「すべて大事は皆小事から起こる」(『貞観政要』政体第二)
現代の主権者である皆さんと学ぶ、「主権者のための帝王学」。今回は『貞観政要』政体第二の第八章から。前回の記事はこちら。
大意
昔のことわざに、「危うくつまづきそうになときに手をとらず、転んだ時に助け起こしてやらないなら、付き添いなんかいらない」というものがある。
臣下は誠意を尽くして君主の過ちを正し、君主が危険になることから救わなくてはならない。
だから、臣下は正しい主張をし、思うところを遠慮なく諌めるべし。
君主が嫌な顔をしてもかまわずに諌めたり、君主の意向にさからったからという理由で、やたらに罰することはしない。
近頃、政治の決裁をしていたら、法律の定めに違反したものがあった。しかし、臣下はそれが小さな問題だからといってそのままにして、意見を主張していない。
すべて大事というのは皆小事から起こるもので、小事を放置しおけば、大事のほうはどうにも救いようがないところまでいってしまう。
国家が傾いて危険となるのは、こういうことが原因になるのである。
現代の主権者への教訓
我々の普段の生活でも、上司に意見をするのは勇気がいることですね。ましてや、小さな問題であれば「大したことじゃないから黙っておこう」という気持ちになるのも自然なことかもしれません。
しかし、そういったことの積み重ねが、徐々にルール違反の範囲を広げていき、気づいた時にはもう手遅れになっているということがあるのではないでしょうか。
昨今の自動車販売会社の例でも、はじめはちょっとしたルール違反だったのではないでしょうか。それを皆が黙認し、徐々に組織として法令遵守や倫理観といったものが弛緩していったのではないかと思います。
そして、これは政治家や官僚においても然りです。特に我々主権者として気をつけなければならないのは、選挙で選ぶ政治家です。
政治家は選挙を気にします。国家にとって問題があっても、小さなことであれば取り上げない方が有権者の受けがいいと思いがちです。政府のちょっとした法令違反、ちょっとした不正な支出。こういったことを指摘すると「重箱の隅をつつくような話だ」と我々は「嫌な顔」をしていないでしょうか。

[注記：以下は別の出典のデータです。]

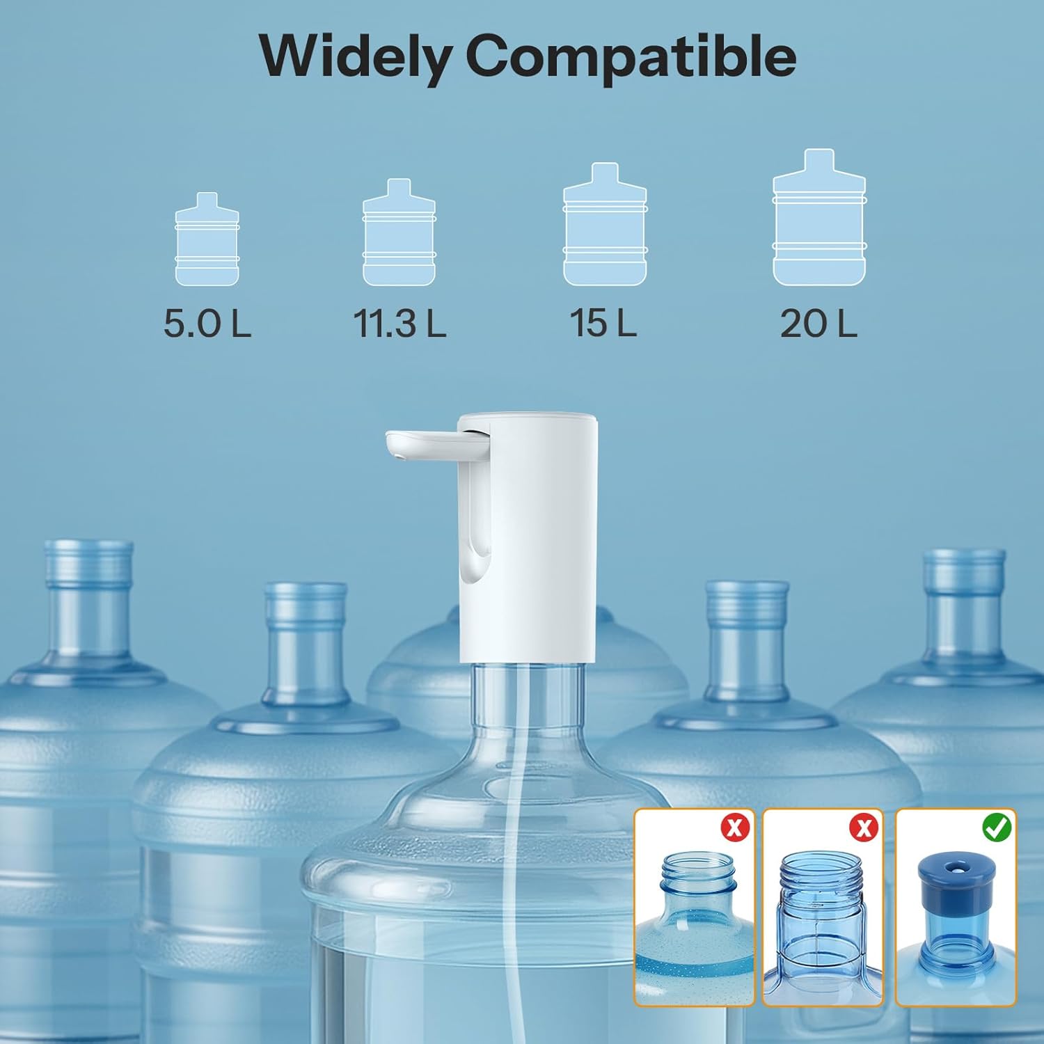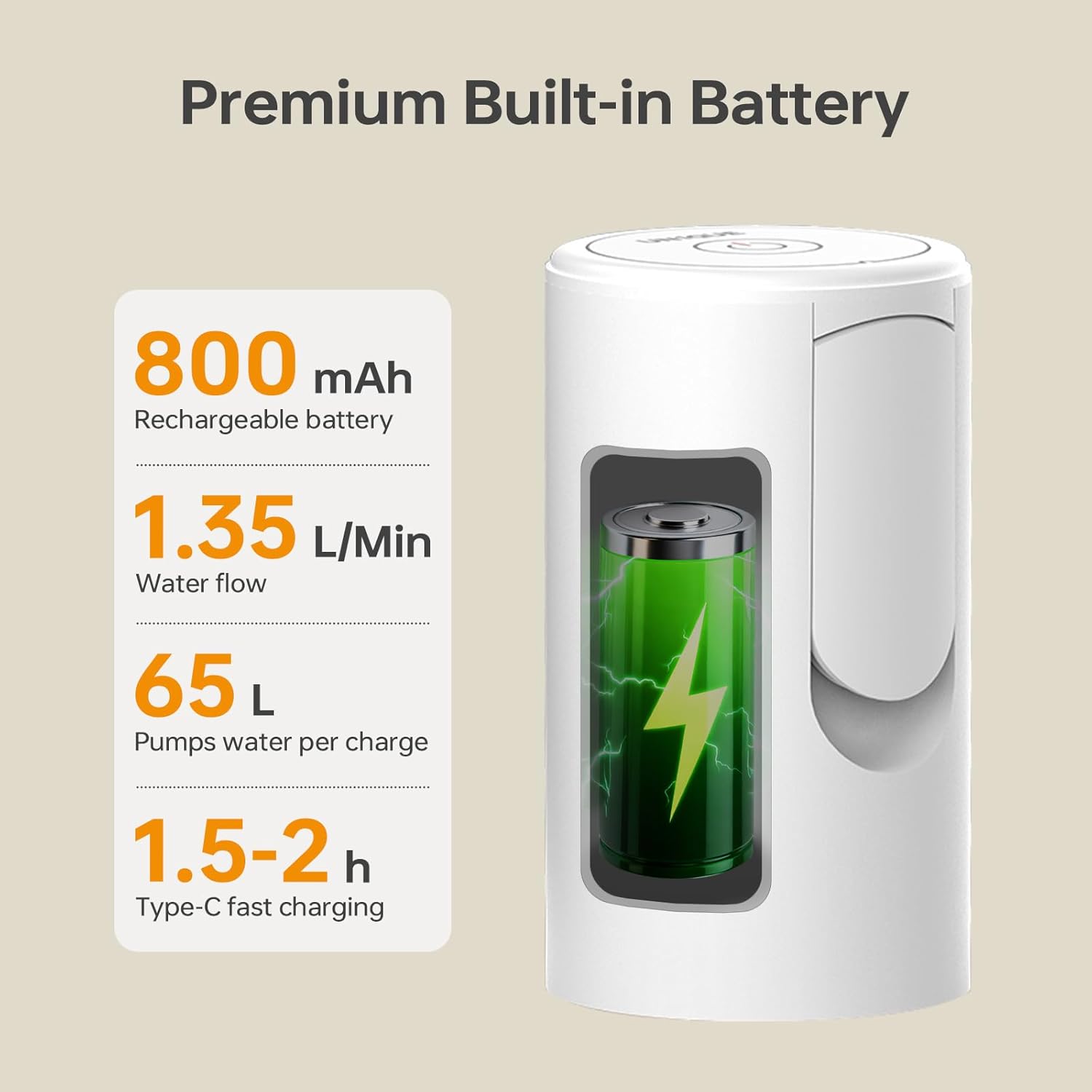 Built-in 800mAh Long-Lasting Battery: This water pump can be used for pumping up to 3.2 bottles of water (20L) per full charge and deliver a faster water flow rate of 1.35L/min, while the universal Type-C port supports adapters, power banks, and USB devices. Charging is hassle free.

そんな顔をして、そのような指摘をした政治家を煙たがり、選挙で選ばないようなことをしていたらどうなるでしょうか。そして、問題を見せず、耳に聞こえのよい話ばかりする政治家ばかりを選んでいたらどうなるでしょうか。
すべて大事は皆小事から起こります。ちょっとしたことでも見過ごしていくと取り返しのつかない大事につながります。現代の主権者である我々は、ちょっとしたことでも法令違反などを指摘する政治家を大事にしていくことが必要だと、貞観政要は教えている気がします。